On CNBC in March, Mr. Trump said there are “tremendous bad management of entitlements” and “tremendous amounts of things and numbers of things you can do,” but he offered no specifics. He suggested that poor management and theft were raising the costs of entitlements, and then he changed the topic.
“President Trump has never really enunciated a path to make major changes with Medicare,” said Stephen Parente, a chief economist for health care policy in the Trump administration who now teaches at the University of Minnesota. “It’s just not a topic he wants to weigh in on because he’s just not a traditional conservative in the way of a Republican you would traditionally see.”
During his presidency, Mr. Trump’s budgets didn’t call for Medicare cuts. Instead, the White House proposed lower payments to providers and suppliers through new incentives and a lower inflation benchmark.
The proposals were similar to Obamacare, which extended the solvency of Medicare by lowering payments to hospitals and insurers in exchange for more customers. He also proposed lowering prescription drug costs by allowing Medicare to negotiate with pharmaceutical companies.
Like his proposed Social Security reforms, Mr. Trump never pressed Congress to act on his Medicare plans, and they never became law.
An influential group of House Republicans submitted a proposal in March to restructure Medicare.
The Republican Study Committee, a group of more than 170 House Republican lawmakers that counts Speaker Mike Johnson of Louisiana among its ranks, outlined a significant overhaul to the popular but expensive entitlement.
The lawmakers call for converting Medicare to a “premium support model,” similar to a proposal that House Speaker Paul D. Ryan, Wisconsin Republican, laid out years ago. Under the Republican plan, traditional Medicare would compete with private plans and beneficiaries would be given subsidies to shop for the policies of their choice.
Whether the proposal will advance is unclear without Mr. Trump’s endorsement.
The size of the subsidies would be tied to the “average premium” or “second lowest price” in a particular market.
Mr. Biden called the proposal “extreme” and said it would raise prescription drug costs. He vowed to stop it.
Experts say the government could implement fixes beyond cutting benefits or raising taxes. Officials could move some of the services in Medicare Part A, the hospital fund, to Medicare Part B, which pays for necessary and preventive services. That would mean some Part A services that are 100% covered could be subject to the Part B deductible unless the beneficiary has a Medigap or Medicare Advantage plan.
“You could do that, but the question is: What would you move over?” Mr. Parente said.
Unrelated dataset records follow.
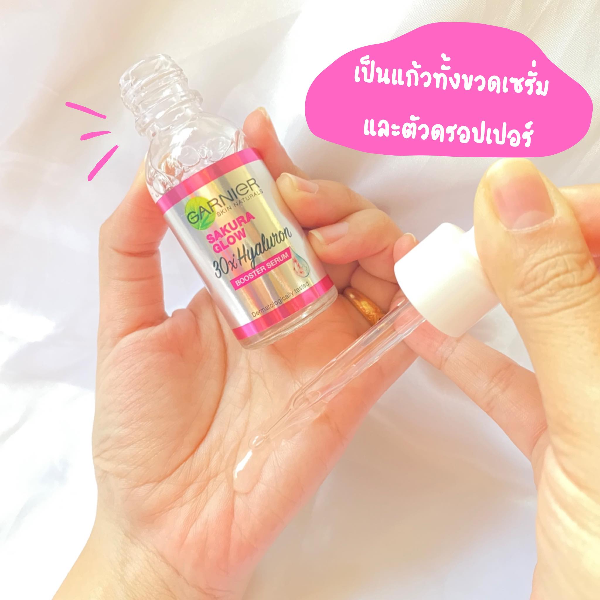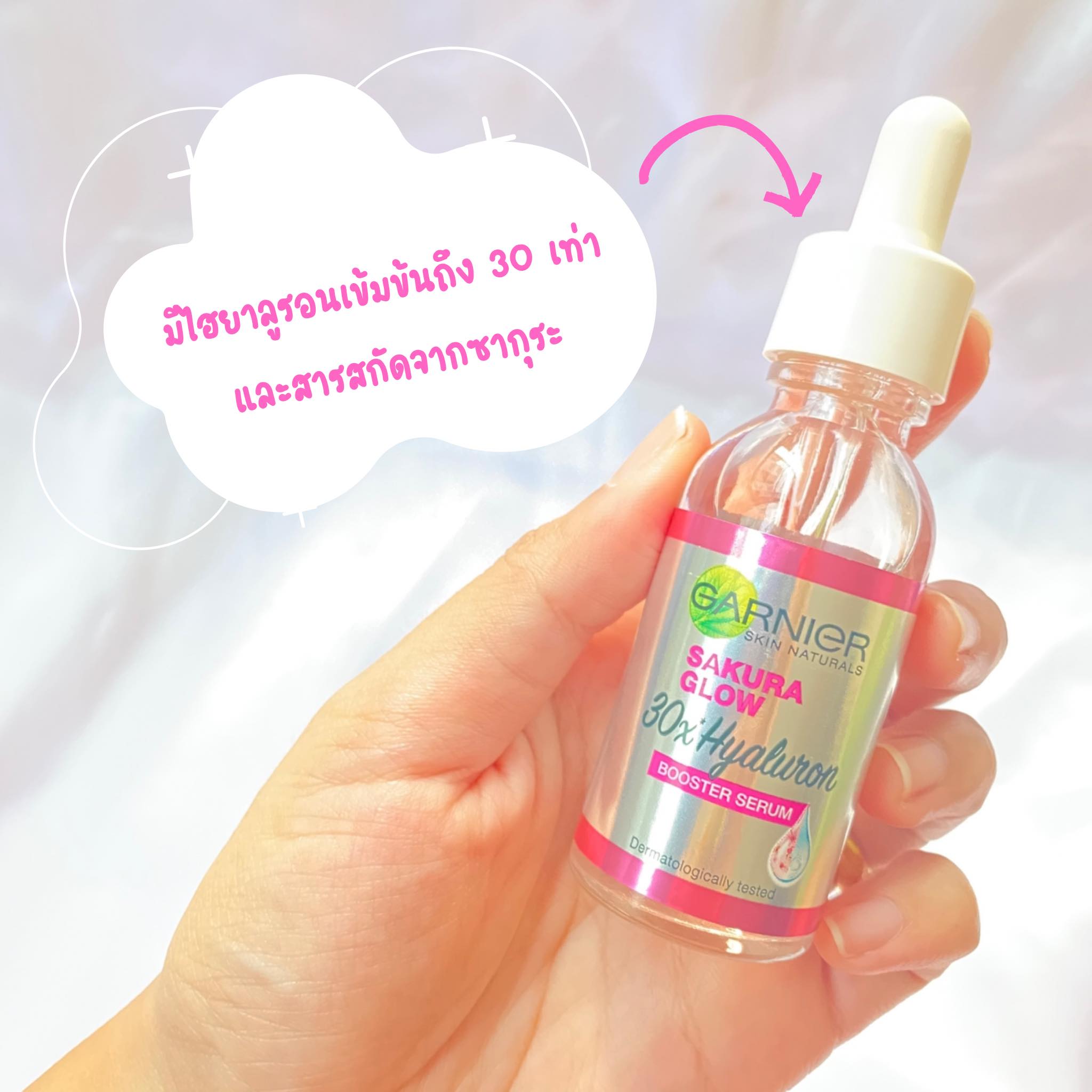 ขวดนี้เป็นบูสเตอร์เซรั่มบำรุงผิวเข้มข้น ที่จะช่วยเติมความชุ่มชื้นให้กับผิว ด้วยพลังไฮยาลูรอนเข้มข้น 30 เท่า* และสารสกัดซากุระ ที่ตรงเข้าบูสความชุ่มชื้นให้แก่ผิวของเราอย่างล้ำลึก เพื่อผิวดูเปล่งปลั่ง อิ่มน้ำ ดูฉ่ำ โกลว์ใส ดูสุขภาพดี
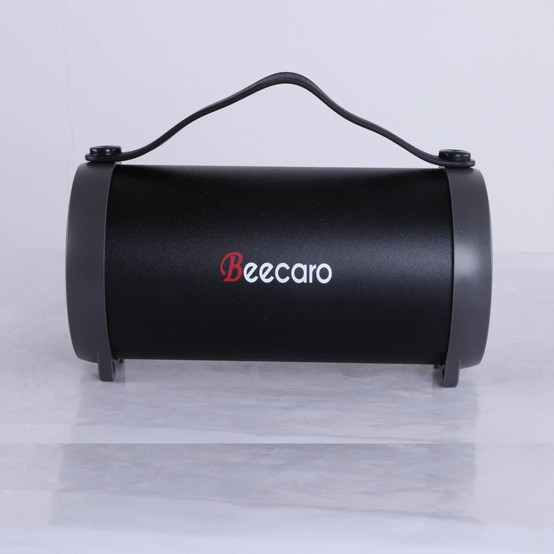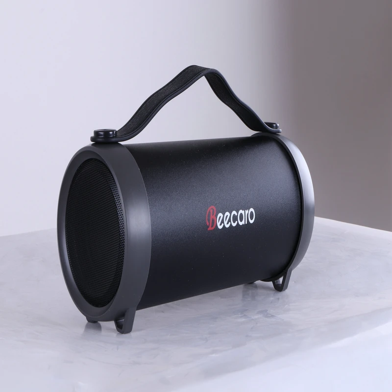 بدنه زیبای اسپیکر بلوتوث s33d بیکارو به شکل استوانه طراحی شده است جنس بدنه اسپیکر بی سیم S33d از پلاستیک فشره است و با کیفیت بسیار بالایی در کنار هم مونتاژ شده است. دو قاب پلاستیکی کمرنگ درایور اسپیکر را در بر گرفته اند و پوشش توری فلزی به کار رفته در دو طرف آن ها از آسیب فیزیکی به اجزای حساس داخلی جلوگیری می کند.پنل کنترلی بلندگوی بلوتوث s33d شامل 4 دکمه برای انتخاب وضعیت پخش، توقف آهنگ و جلو و عقب بردن قطعه در حال پخش است و تنظیم حجم صدا نیز با کمک دو دکمه اخیر انجام می شود. روشن و خاموش کردن دستگاه از طریق یک کلید کشویی صورت می پذیرد و در کنار آن می توان پورت USB، شیار کارت حافظه، جک 3.5 میلی متری AUX و کانکتور microUSB برای شارژ را مشاهده کرد. هنگام زدن اسپیکر بلوتوثs33d بیکارو به شارژ، یک LED کوچک در زیر کانکتور آن روشن می شود تا شما را در جریان روند تکمیل شارژ قرار دهد.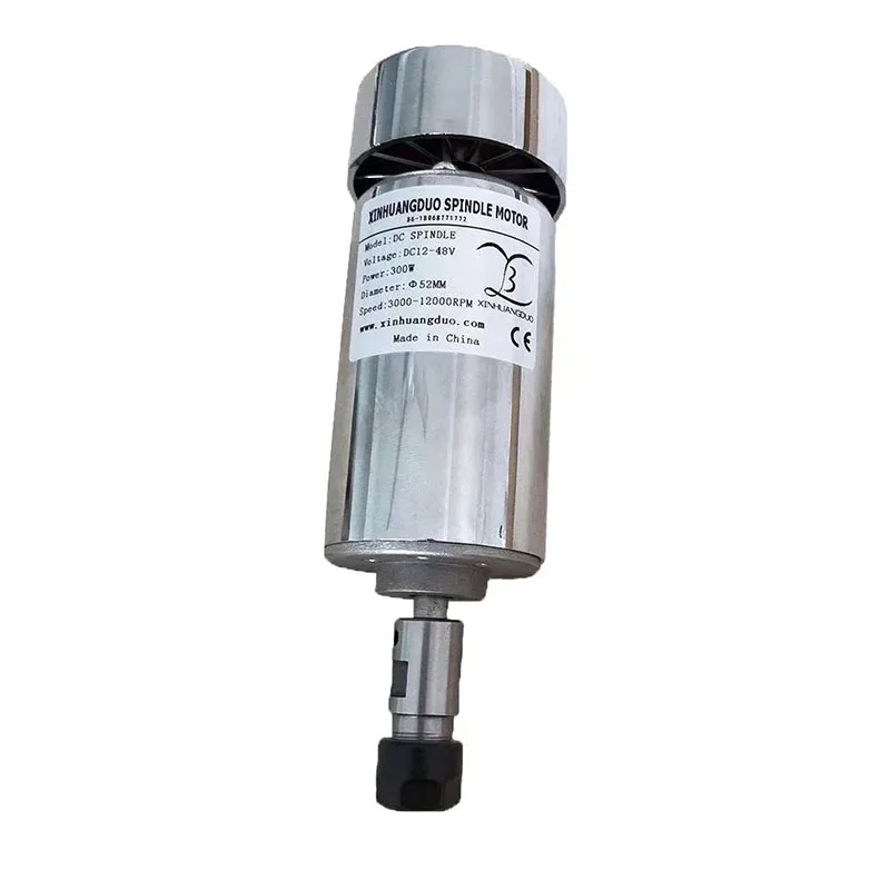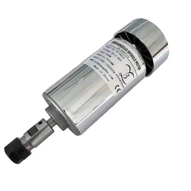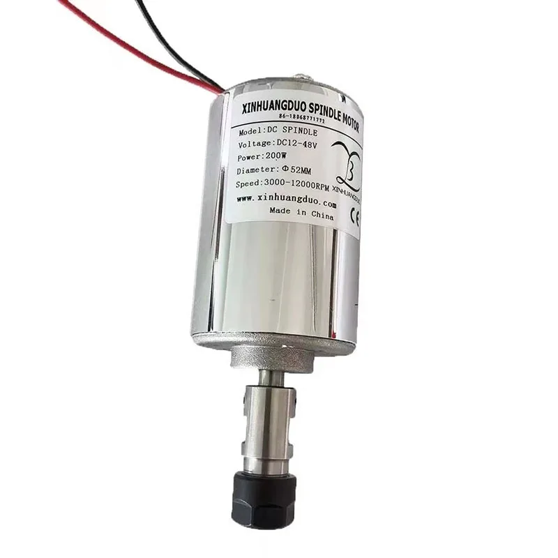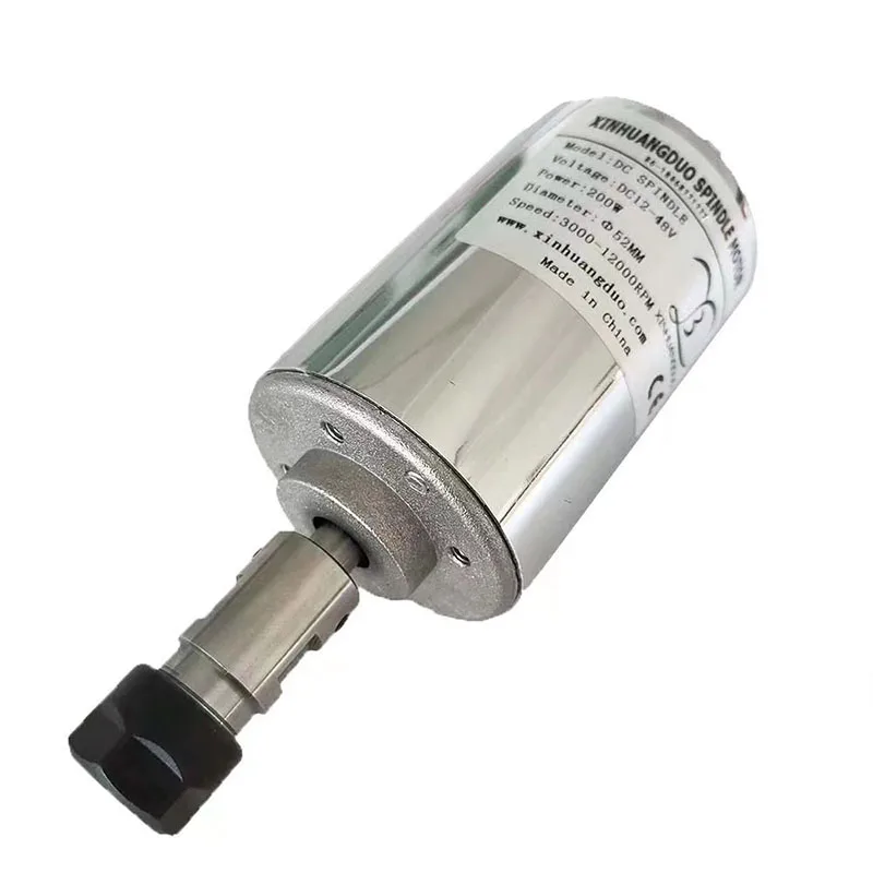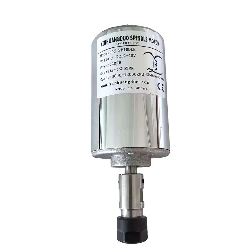Параметры продуктаМотор шпинделя: Совершенно новый хромированный двигатель шпинделя постоянного тока с жесткостьюРабочее напряжение: 12-48VDC (двигатель шпинделя постоянного тока)Мощность: 200W300W400W500W поворотСкорость: 3000-12000/мин (12-3000 об/мин, 24-6000 об/мин, 36-9000Поворот, 48в-12000 поворот)Крутящий момент: 550mN.mСопротивление изоляции:> 2 megohmsДиэлектрическая изоляция: 500 ВДиаметр: 52 ммДлина патрона: 35 мм хвостовика (включая гайку и ядро 43 мм)Диаметр патронной части: 16 ммОбщая длина мотора: 175 мм (в том числе Зажимная часть и мотора) радиальное биение шпинделя составляет около 0,02-0,05.Может использоваться для гравировки материалов, таких как металл или неметалл

The government could also reduce Medicare payments to some or all Part A providers.
Mr. Parente advocated for a “market choice” model of Medicare that would empower seniors to choose between the traditional fee-for-service Medicare and privately administered Medicare Advantage plans.
It would rely on free market competition among private insurers to reduce the costs of health care by empowering Medicare enrollees to shop for plans themselves.
The proposal could save the federal government an estimated $1 trillion over the next decade.